А дальше… дальше явилось Оно. Не чудовище. Не божество. Просто дыра в реальности, пульсирующая, как гнойник. Из нее сочились сны, которые он терял: детские страхи, невоплощенные желания, стыд, вырванный с корнем. Они обвили его, как лианы, впиваясь в ребра, и тогда он понял: это и есть ответ. Не наказание. Инволюция. Возврат в то самое ничто, из которого Бог когда-то вылепил его душу, не спросив – хочет ли она гореть.

Но даже здесь, в кишках вечности, он чувствовал зуд. Где-то в глубине черепа, в тайнике, куда не дотянулись щупальца тьмы, жила крамола: а что, если перестать быть глиной? Что, если стать ножом?

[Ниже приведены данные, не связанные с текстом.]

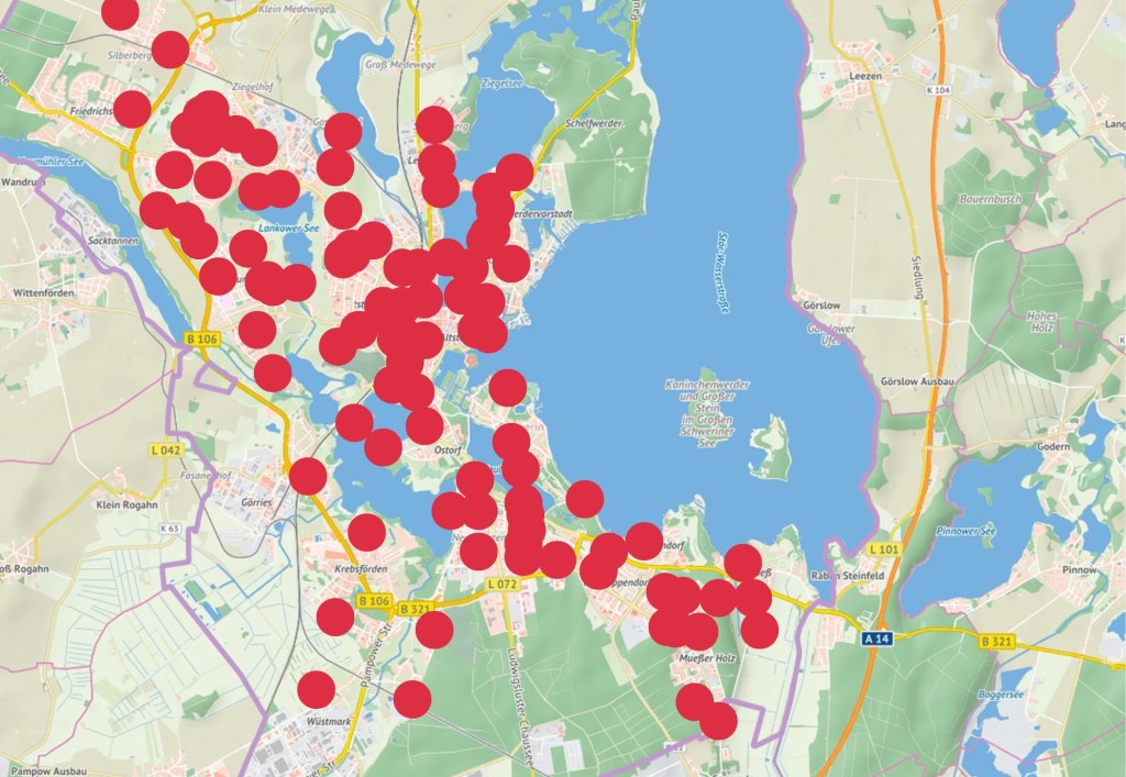 Kitas, Fußgängerzone, die potenziellen Anbauvereinigungen und andere Sportplätze als Fußballplätze, „befriedetes Besitztum“, also Vorgärten, Kleingärte etc haben wir noch nicht markiert… dann wäre die Karte noch mehr von Rot bedeckt… Und gewiss haben wir nicht jeden Hinterhofspielplatz erwischt…

Тени замерли. Бездна затаила дыхание. А он, уже наполовину монстр, наполовину вопль, шагнул в пульсирующую рану – туда, где законы мироздания крошились, как печенье. И засмеялся.

Потому что бунт – это единственная молитва, которую не может игнорировать даже Бог.

Его кожа лопнула, как гнилой плод, обнажив мозаику из перламутровых чешуек и влажных сухожилий. Но боль была уже не физической – она стала языком, на котором с ним заговорила сама Бездна. Каждый нерв превратился в нить, сплетающую новый завет – ересь из плоти и отчаяния. Он падал сквозь слои реальности, и с каждым витком его тело множилось: ребра прорастали шипами, глаза почковались на ладонях, а в грудной клетке, вместо сердца, забился черный орган, похожий на спрессованный шепот проклятий.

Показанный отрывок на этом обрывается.